25 μL beads are pipetted to the Eppendorf tube, magnetized and the solvent is pipetted off. 430 mg GuSCN are added, 65 mg PEG are added, and 50 mg Tween are added. The mixture is heated for 20 mins at 90° C. Then it is centrifuged hot at 12000 rpm in the tube in a miniSpin centrifuge for 1 min.

The surface of the mixture in the Eppendorf tube is slightly rough, GuSCN is coated by the PEG, and amorphous and crystalline phases can be observed.

After cooling the tube with the mixture, it is centrifuged “upside down” with a Hettich Universal 320 R centrifuge (the 2 mL Eppendorf tube with the mixture is put upside down in 1 15 mL Falcon tube) for 5 mins at a centrifugal force of 100 g. With such centrifugation no change is observed for the mixture in the Eppendorf tube. After 5 mins in the same centrifuge at 200 g the mixture is detached from the tube.

This shows that the mixture can be suitably fixed to the Eppendorf tube for storage.

Example 2

A tube as prepared in Example 1 was used for testing dissolution of the mixture in a sample. As sample, 500 μL blood plasma were pipetted on the surface of the mixture in the Eppendorf tube. The sample was then left for 5 minutes, during which time no visible change was observed for the mixture.

Thereafter, the tube with the sample liquid was put in a heater-shaker at a temperature of 60° C. and at 1000 rpm. Within 5 minutes the mixture completely dissolved in the blood plasma.

Thereafter, the nucleic acids in the blood plasma were enriched in a usual manner with the reagents contained in the mixture.

Claims

1. Device, comprising a container having an inner wall and at least one opening, containing

a mixture containing at least one reagent, and at least one additive,

wherein the at least one reagent is fixed to at least part of the inner wall of the container with the at least one additive, wherein the at least one reagent is at least one of dispersed in the at least one additive, coated by the at least one additive, and at least partially covered by the at least one additive.

2. Device according to claim 1, wherein the at least one reagent and the at least one additive are included in the container in the form of a mixture that is essentially free of solvent.

3. Device according to claim 1, wherein no solvents are included in the device.

4. Device according to claim 1, wherein the mixture comprises amorphous and/or crystalline phases.

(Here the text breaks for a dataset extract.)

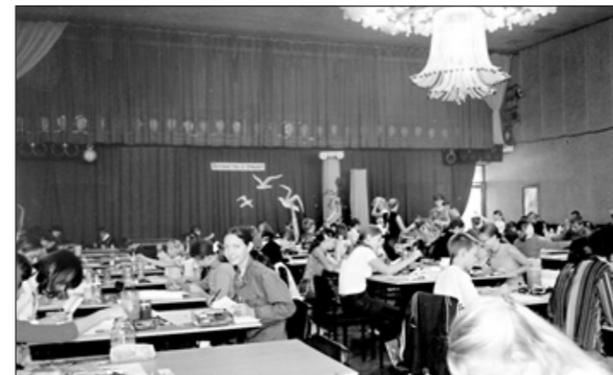
Конкурс дитячого малюнка, присвячений 150-річчю Оборони Севастополя 1854-1855 рр.

Заходи Центру настільки різноманітні, що поле для творчої діяльності та співробітництва широке. В останні роки в нашій державі та у Севастополі також велика увага приділяється екології. Українським культурно-інформаційним центром розроблено сценарій екологічної вікторини, присвяченої Міжнародному дню Чорного моря. Традиційно 31 жовтня вона проходить за активної участі школярів району. Три роки поспіль головним партнером Центру була ТК "ЛІККОМ", яка забезпечувала переможців цікавими та корисними для школярів нагородами. Цього року нам вдалося залучити до співпраці членів Зеленого руху України, зокрема його севастопольське відділення. В 2005 році УКІЦ отримав Грамоту "За значний внесок у пропаганду знань з екології та активну участь у вихованні у молоді бережливого ставлення до оточуючого середовища." Діти та вчителі радо приймають запрошення взяти участь у заходах Центру, бо знають, що в УКІЦ вони отримають не лише поглиблені знання з екології, але й цінні подарунки. В цьому році близько 60 дітей отримали від севастопольського відділення Зеленого руху України заохочувальні призи, а переможці — чудові енциклопедії з захоплюючими розповідями про екологію України, Чорного моря, рослинний та тваринний світ. Не залишилися без уваги й вчителі, які підготували переможців. Вони теж

5. Device according to claim 1, wherein the container is a tube, particularly a microtube, a well plate, or a bottle.

6. Device according to claim 1, wherein the at least one additive is in solid form at room temperature.

7. Device according to claim 1, wherein the at least one additive comprises a polymer, preferably a water-soluble polymer, further preferably polyethyleneglycol, polypropyleneglycol, polyvinylpyrrolidone and/or polyvinylalcohol, and/or copolymers thereof.

8. Device according to claim 1, wherein the at least one reagent comprises beads, particularly magnetic beads, and/or at least one chaotropic agent, particularly a chaotropic salt, and/or at least one detergent.

9. Device according to claim 1, wherein at least the inner wall of the container comprises a polymeric material.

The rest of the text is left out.